§ Information shown:
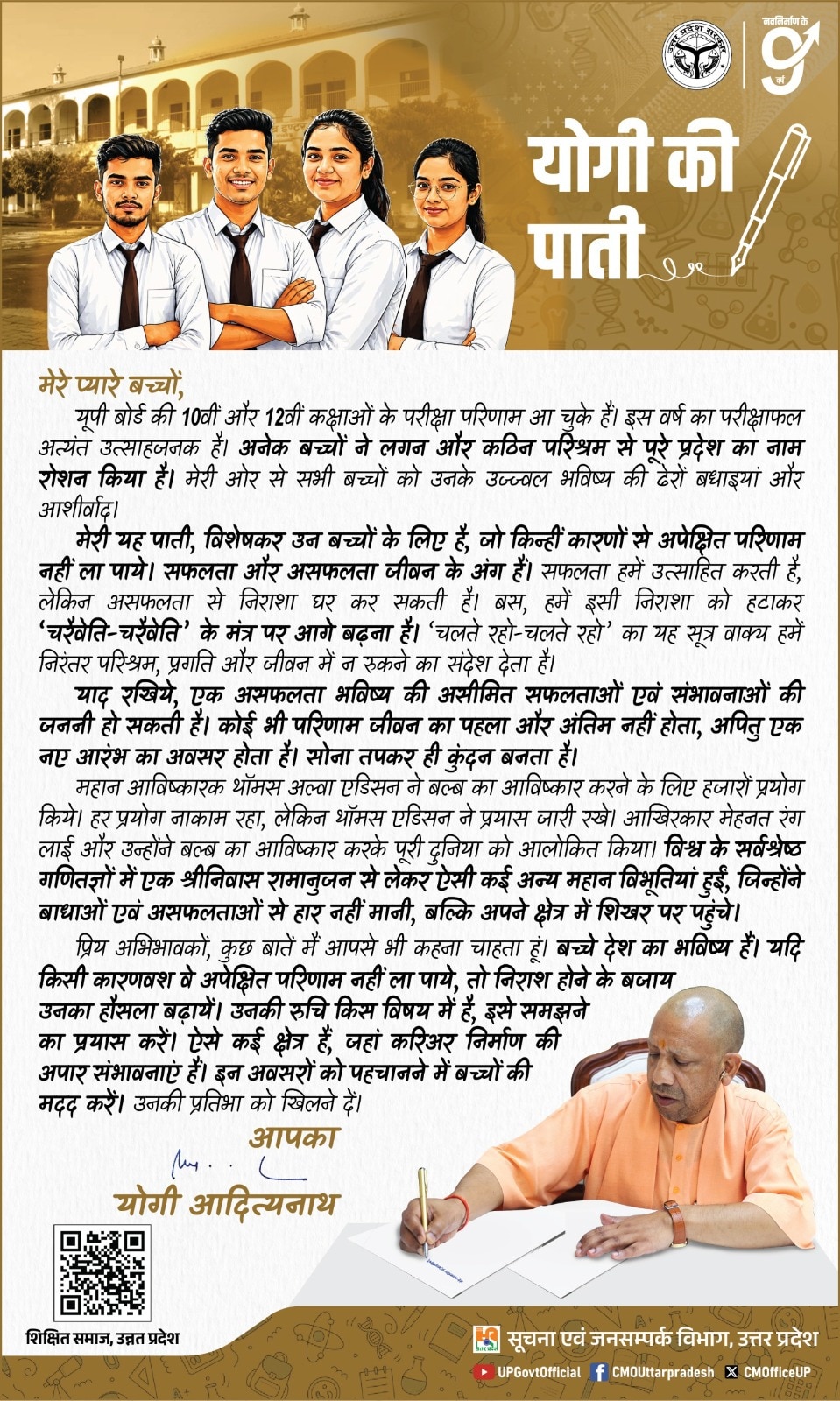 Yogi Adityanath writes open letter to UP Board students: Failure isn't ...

* * *

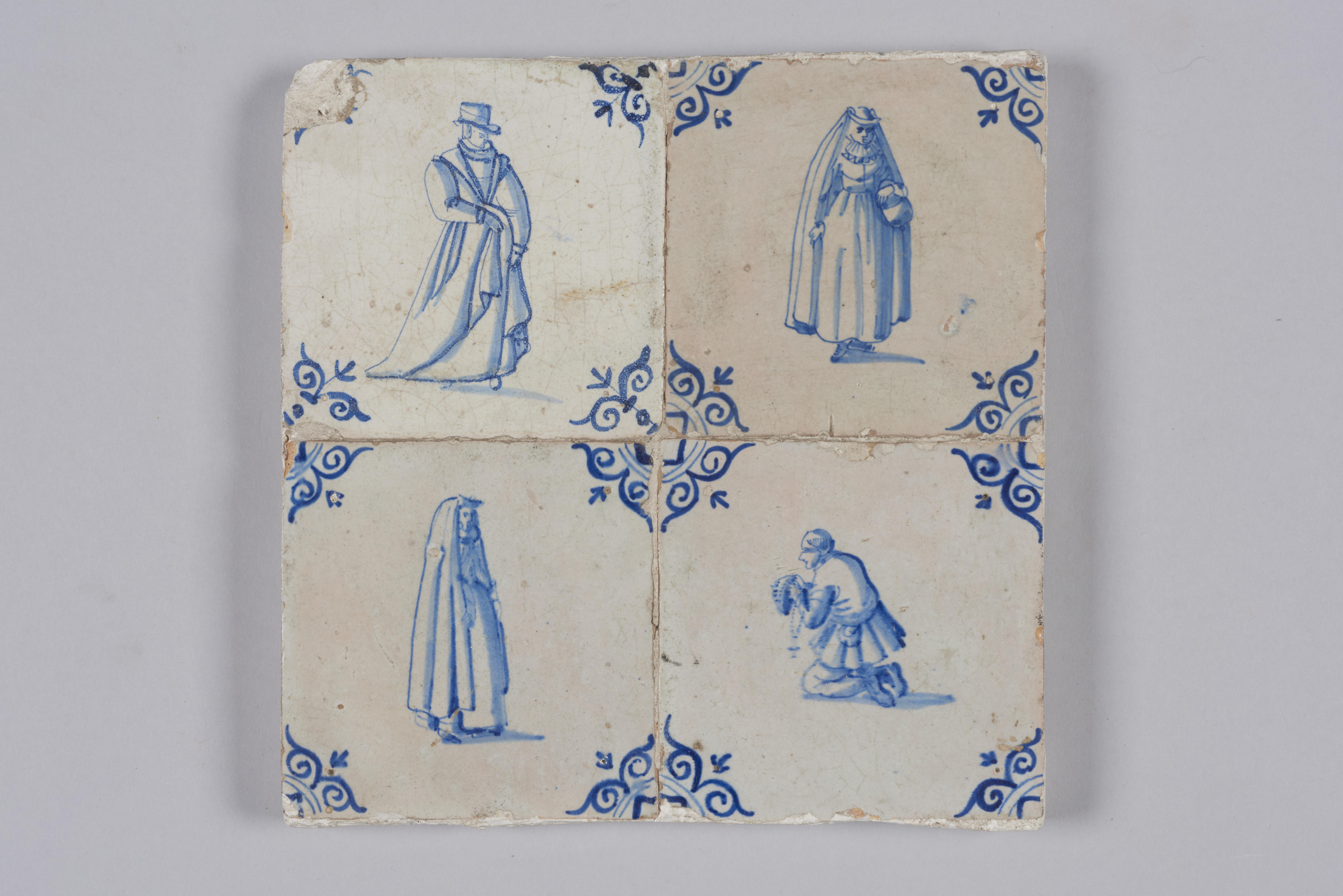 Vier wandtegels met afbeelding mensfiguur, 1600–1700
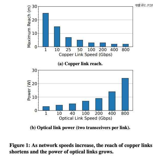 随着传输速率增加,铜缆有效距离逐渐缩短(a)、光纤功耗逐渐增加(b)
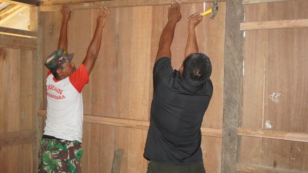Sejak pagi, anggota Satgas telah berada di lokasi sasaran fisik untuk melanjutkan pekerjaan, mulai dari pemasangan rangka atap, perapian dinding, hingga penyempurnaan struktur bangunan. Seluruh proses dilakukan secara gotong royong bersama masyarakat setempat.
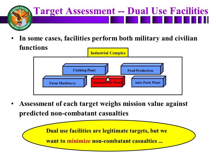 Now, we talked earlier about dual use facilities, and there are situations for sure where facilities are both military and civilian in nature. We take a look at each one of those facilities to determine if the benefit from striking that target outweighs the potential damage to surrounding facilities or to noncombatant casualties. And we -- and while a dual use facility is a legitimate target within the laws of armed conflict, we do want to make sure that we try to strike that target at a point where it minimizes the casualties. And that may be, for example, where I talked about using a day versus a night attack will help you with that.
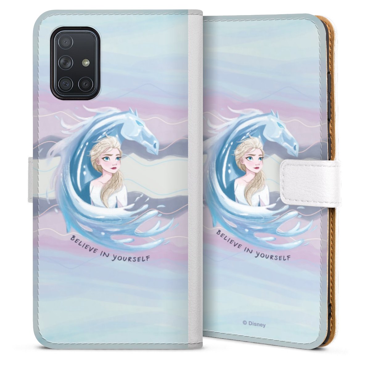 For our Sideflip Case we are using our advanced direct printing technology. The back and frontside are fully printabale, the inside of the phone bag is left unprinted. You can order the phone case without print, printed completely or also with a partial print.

§ Goal of the exercise:
Within the material above, only the stretch from the line holding "Sejak pagi, anggota" through the line holding "For our Sideflip" is to be restated exactly. Pictures are dropped.

§ Written solution:
Sejak pagi, anggota Satgas telah berada di lokasi sasaran fisik untuk melanjutkan pekerjaan, mulai dari pemasangan rangka atap, perapian dinding, hingga penyempurnaan struktur bangunan. Seluruh proses dilakukan secara gotong royong bersama masyarakat setempat.
 Now, we talked earlier about dual use facilities, and there are situations for sure where facilities are both military and civilian in nature. We take a look at each one of those facilities to determine if the benefit from striking that target outweighs the potential damage to surrounding facilities or to noncombatant casualties. And we -- and while a dual use facility is a legitimate target within the laws of armed conflict, we do want to make sure that we try to strike that target at a point where it minimizes the casualties. And that may be, for example, where I talked about using a day versus a night attack will help you with that.
 For our Sideflip Case we are using our advanced direct printing technology. The back and frontside are fully printabale, the inside of the phone bag is left unprinted. You can order the phone case without print, printed completely or also with a partial print.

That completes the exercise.